• DESCRIPTION OF THE TASK: Every entry in the following listing must be restated word for word, though not its pictures.
── RECORDS FOR PROCESSING ──
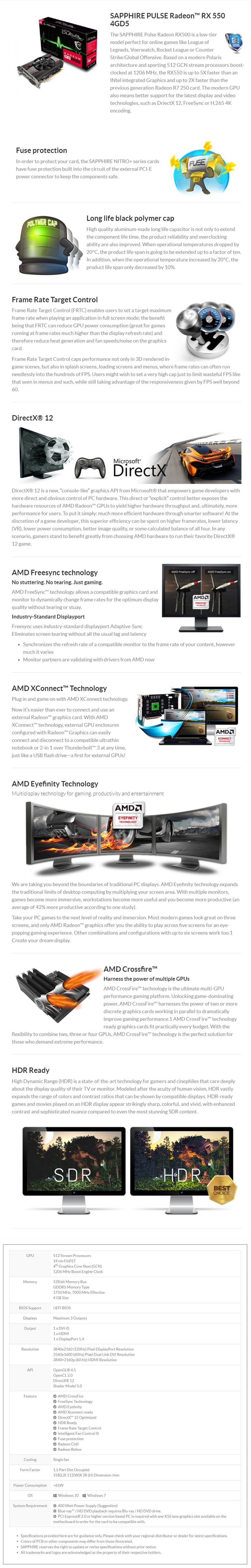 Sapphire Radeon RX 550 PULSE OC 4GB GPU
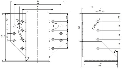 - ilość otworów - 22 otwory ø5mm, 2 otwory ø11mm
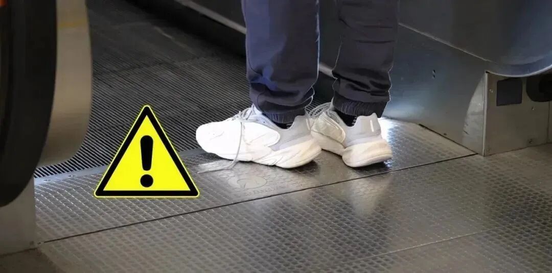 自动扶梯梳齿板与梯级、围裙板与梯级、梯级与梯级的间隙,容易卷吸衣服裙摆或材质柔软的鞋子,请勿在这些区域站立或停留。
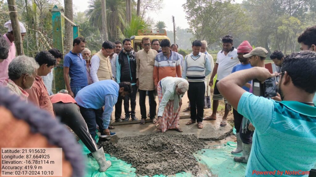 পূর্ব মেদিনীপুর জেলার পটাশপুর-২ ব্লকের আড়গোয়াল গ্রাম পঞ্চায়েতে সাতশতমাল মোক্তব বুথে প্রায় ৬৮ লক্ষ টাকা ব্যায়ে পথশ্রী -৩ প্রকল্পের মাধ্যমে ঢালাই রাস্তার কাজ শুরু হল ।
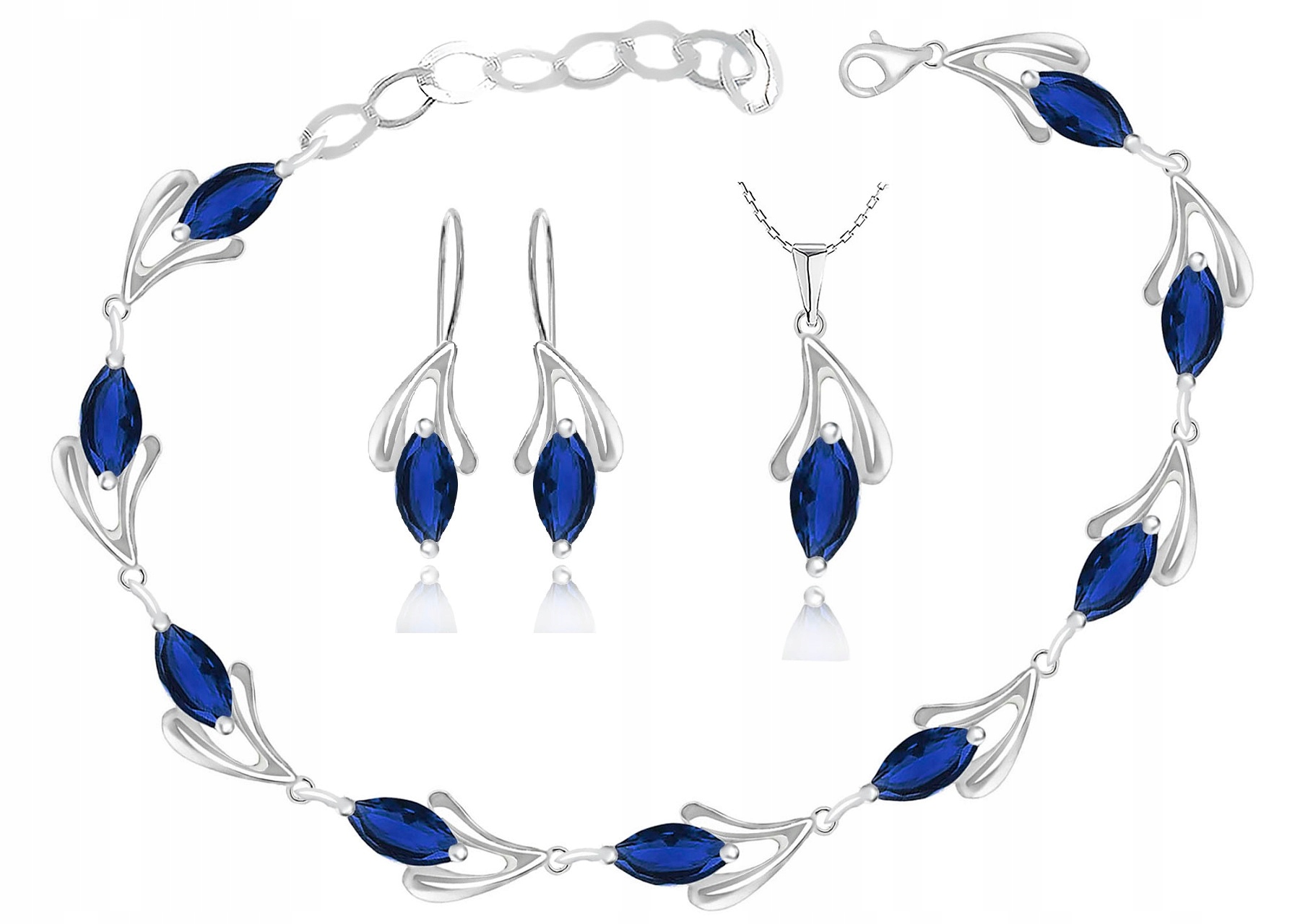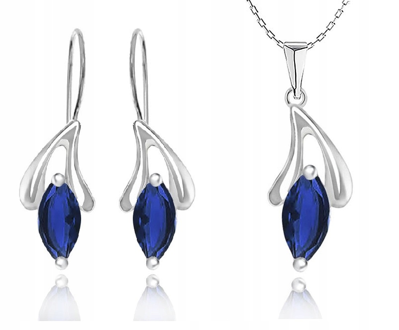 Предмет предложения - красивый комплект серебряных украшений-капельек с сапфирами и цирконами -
───
• WRITTEN REPLY:
 Sapphire Radeon RX 550 PULSE OC 4GB GPU
 - ilość otworów - 22 otwory ø5mm, 2 otwory ø11mm
 自动扶梯梳齿板与梯级、围裙板与梯级、梯级与梯级的间隙,容易卷吸衣服裙摆或材质柔软的鞋子,请勿在这些区域站立或停留。
 পূর্ব মেদিনীপুর জেলার পটাশপুর-২ ব্লকের আড়গোয়াল গ্রাম পঞ্চায়েতে সাতশতমাল মোক্তব বুথে প্রায় ৬৮ লক্ষ টাকা ব্যায়ে পথশ্রী -৩ প্রকল্পের মাধ্যমে ঢালাই রাস্তার কাজ শুরু হল ।
 Предмет предложения - красивый комплект серебряных украшений-капельек с сапфирами и цирконами -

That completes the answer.